Diese Pillen sollen endlich helfen bei Reizdarmbeschwerden - vermittelt zumindest die Werbung. Der Originalton im YouTube-Spot: „Ständig Durchfall, Blähungen und Bauchschmerzen. Dann hat mein Arzt mir das neue Kijimea empfohlen. Meine Darmbeschwerden waren wie weg.“ - „Wie weg.“ - „Super Sache, dieses Kijimea Reizdarm Pro.“

Unterschiedliche Beschwerden mit dem Reizdarm

Das Reizdarmsyndrom ist inzwischen fast ein Volksleiden. Geschätzt 17 Prozent der Deutschen sind davon betroffen. Der Arzneimittelexperte Professor Gerd Glaeske sagt, vor allem die Anzahl der Beschwerden erzeuge bei den Betroffenen einen hohen Leidensdruck. „Es heißt deshalb auch Syndrom, weil es eine Vielfältigkeit von Symptomen ist, die da zusammenkommen. Es sind vor allen Dingen Bauchschmerzen. Es sind aber auch Durchfälle. Es ist Verstopfung. Es ist eine Situation, dass Darmbeschwerden auftreten in unterschiedlicher Weise.“

Das Reizdarmsyndrom kann vielfältige Beschwerden mit sich bringen, weiß Arzneimittelexperte Professor Gerd Glaeske. (Foto: SWR, SWR Marktcheck)
Das Reizdarmsyndrom kann vielfältige Beschwerden mit sich bringen, weiß Arzneimittelexperte Professor Gerd Glaeske. SWR Marktcheck

Marktführer Kijimea: Kapseln mit speziellen Bakterien

Eine Krankheit, die viele haben, und deren Ursache nicht klar ist. Da wollen etliche Hersteller mitverdienen. Kijimea ist das meistverkaufte Produkt im Bereich Darmgesundheit. Der Jahresumsatz liegt bei knapp 40 Millionen Euro im Jahr 2019 – allein in Deutschland.

Umgerechnet 1,26 Euro pro Kapsel kostet Kijimea Reizdarm Pro - das mit Abstand teuerste Produkt im Vergleich, aber auch das bekannteste. Es will die Symptome mit speziellen Bakterien bekämpfen. Ihr komplizierter Name: „B. bifidum HI-MIMBb75“. Die Bakterien sollen sich an die geschädigten Stellen der Darmwand anheften und sie schützen - wie ein Pflaster. Dadurch sollen die Beschwerden abklingen.

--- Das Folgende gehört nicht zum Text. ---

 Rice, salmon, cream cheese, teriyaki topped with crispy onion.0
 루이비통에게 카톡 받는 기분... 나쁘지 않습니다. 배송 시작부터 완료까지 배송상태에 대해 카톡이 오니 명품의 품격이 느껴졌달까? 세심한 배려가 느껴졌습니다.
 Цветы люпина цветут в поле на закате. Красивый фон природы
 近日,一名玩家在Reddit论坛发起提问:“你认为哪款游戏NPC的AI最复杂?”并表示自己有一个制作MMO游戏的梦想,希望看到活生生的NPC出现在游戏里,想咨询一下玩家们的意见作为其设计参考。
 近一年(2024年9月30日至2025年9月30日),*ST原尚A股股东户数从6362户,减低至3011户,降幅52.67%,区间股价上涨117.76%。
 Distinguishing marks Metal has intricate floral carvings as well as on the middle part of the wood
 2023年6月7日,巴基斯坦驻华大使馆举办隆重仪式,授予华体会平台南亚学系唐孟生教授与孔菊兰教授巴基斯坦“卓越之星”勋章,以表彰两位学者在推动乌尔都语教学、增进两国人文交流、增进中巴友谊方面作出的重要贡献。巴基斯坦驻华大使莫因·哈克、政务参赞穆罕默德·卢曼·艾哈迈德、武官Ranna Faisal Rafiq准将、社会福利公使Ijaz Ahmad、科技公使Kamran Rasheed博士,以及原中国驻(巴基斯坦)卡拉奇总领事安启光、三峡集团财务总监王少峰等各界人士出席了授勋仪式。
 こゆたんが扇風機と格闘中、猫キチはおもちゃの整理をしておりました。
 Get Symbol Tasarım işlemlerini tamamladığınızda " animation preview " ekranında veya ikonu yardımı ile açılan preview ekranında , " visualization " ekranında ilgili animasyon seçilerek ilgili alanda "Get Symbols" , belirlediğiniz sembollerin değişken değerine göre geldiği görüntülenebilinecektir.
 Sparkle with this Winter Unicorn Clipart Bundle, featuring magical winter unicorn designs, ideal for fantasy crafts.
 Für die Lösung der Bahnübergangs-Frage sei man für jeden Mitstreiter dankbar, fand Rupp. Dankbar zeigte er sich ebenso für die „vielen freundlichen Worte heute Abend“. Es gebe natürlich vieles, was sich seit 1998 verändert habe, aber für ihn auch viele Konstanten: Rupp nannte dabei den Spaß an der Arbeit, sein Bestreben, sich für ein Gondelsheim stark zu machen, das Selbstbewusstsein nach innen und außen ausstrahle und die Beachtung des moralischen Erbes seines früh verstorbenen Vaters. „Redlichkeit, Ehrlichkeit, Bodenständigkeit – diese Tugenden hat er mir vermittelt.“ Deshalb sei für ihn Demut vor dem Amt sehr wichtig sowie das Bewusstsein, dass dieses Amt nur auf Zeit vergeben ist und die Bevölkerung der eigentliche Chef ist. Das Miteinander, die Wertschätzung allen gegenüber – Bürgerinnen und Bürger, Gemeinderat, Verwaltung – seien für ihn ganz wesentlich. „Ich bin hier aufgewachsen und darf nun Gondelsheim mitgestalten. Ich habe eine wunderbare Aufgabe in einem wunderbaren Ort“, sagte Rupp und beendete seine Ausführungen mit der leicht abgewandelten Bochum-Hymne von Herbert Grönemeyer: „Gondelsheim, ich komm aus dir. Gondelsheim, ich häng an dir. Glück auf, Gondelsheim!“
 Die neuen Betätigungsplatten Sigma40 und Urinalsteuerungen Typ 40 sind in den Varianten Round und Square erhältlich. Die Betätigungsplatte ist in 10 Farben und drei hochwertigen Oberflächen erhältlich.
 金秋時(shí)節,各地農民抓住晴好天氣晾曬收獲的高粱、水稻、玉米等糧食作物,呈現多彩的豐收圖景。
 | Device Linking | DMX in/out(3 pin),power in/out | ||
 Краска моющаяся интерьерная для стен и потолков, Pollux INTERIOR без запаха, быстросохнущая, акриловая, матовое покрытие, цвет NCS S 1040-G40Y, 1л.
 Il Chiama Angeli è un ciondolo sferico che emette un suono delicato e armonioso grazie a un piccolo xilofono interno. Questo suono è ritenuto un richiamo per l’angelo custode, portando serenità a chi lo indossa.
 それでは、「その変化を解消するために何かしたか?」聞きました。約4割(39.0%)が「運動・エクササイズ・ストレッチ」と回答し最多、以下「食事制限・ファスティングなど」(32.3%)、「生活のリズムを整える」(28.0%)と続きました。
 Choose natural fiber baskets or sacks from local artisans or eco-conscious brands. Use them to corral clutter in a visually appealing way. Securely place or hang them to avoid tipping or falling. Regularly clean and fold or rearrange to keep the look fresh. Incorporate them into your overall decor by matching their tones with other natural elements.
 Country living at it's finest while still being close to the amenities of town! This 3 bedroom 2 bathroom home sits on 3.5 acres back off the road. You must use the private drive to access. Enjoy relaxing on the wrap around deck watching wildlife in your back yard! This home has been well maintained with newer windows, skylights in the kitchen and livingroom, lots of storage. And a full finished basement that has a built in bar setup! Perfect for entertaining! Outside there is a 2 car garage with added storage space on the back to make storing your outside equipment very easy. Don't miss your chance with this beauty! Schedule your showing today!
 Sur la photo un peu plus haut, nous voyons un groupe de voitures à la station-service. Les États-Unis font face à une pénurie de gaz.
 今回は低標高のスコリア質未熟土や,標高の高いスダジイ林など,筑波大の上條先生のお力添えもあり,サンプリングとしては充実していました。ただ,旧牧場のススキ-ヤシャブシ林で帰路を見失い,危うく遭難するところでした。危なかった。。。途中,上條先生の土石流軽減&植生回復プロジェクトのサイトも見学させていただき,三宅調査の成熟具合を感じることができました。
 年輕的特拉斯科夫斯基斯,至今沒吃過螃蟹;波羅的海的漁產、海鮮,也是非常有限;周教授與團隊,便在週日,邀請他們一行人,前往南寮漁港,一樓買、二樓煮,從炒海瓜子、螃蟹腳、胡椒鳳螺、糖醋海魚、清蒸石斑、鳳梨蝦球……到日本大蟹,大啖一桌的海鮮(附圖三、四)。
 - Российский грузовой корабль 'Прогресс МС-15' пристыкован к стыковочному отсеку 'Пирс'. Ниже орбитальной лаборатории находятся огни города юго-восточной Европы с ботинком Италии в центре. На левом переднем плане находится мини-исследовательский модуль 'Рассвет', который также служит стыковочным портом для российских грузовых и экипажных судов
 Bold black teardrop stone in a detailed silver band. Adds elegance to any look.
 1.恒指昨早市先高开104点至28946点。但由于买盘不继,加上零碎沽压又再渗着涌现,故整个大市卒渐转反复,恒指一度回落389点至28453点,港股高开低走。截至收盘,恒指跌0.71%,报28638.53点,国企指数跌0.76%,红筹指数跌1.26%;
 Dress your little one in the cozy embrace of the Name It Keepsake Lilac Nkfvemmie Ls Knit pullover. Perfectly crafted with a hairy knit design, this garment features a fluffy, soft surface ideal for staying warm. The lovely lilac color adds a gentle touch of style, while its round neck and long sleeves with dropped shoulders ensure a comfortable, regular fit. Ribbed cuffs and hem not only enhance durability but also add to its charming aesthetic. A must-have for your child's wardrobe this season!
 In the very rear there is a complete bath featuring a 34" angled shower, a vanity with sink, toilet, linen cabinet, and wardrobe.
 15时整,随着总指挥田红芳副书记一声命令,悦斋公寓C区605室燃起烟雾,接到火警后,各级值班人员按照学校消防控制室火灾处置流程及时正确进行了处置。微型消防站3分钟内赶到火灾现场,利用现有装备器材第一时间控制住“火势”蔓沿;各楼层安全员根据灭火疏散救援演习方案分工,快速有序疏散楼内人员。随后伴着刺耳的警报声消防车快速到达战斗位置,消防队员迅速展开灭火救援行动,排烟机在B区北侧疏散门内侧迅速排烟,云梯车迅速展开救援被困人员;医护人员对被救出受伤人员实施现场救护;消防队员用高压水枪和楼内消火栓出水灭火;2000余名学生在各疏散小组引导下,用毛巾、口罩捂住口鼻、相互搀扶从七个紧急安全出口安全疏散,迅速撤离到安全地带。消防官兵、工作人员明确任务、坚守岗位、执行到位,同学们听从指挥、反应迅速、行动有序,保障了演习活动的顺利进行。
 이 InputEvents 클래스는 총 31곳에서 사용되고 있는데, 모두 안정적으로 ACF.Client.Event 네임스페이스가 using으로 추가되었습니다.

Mehrere Packungen Tabletten und Kapseln: Die Preisspanne bei Medizinprodukten gegen Reizdarm-Beschwerden ist beachtlich. (Foto: SWR, SWR Marktcheck)
Die Preisspanne bei Medizinprodukten gegen Reizdarm-Beschwerden ist beachtlich. SWR Marktcheck

Kritik: Beschwerden sind „wie weg“ – aber nicht zuverlässig

Für das Fachmagazin „arznei-telegramm“ hat Chefredakteur Wolfgang Becker-Brüser mit seinem Team die Studien zu „Kijimea Reizdarm Pro“ genau analysiert. Er ist selbst Arzt und Pharmakologe und sieht diese Werbung kritisch.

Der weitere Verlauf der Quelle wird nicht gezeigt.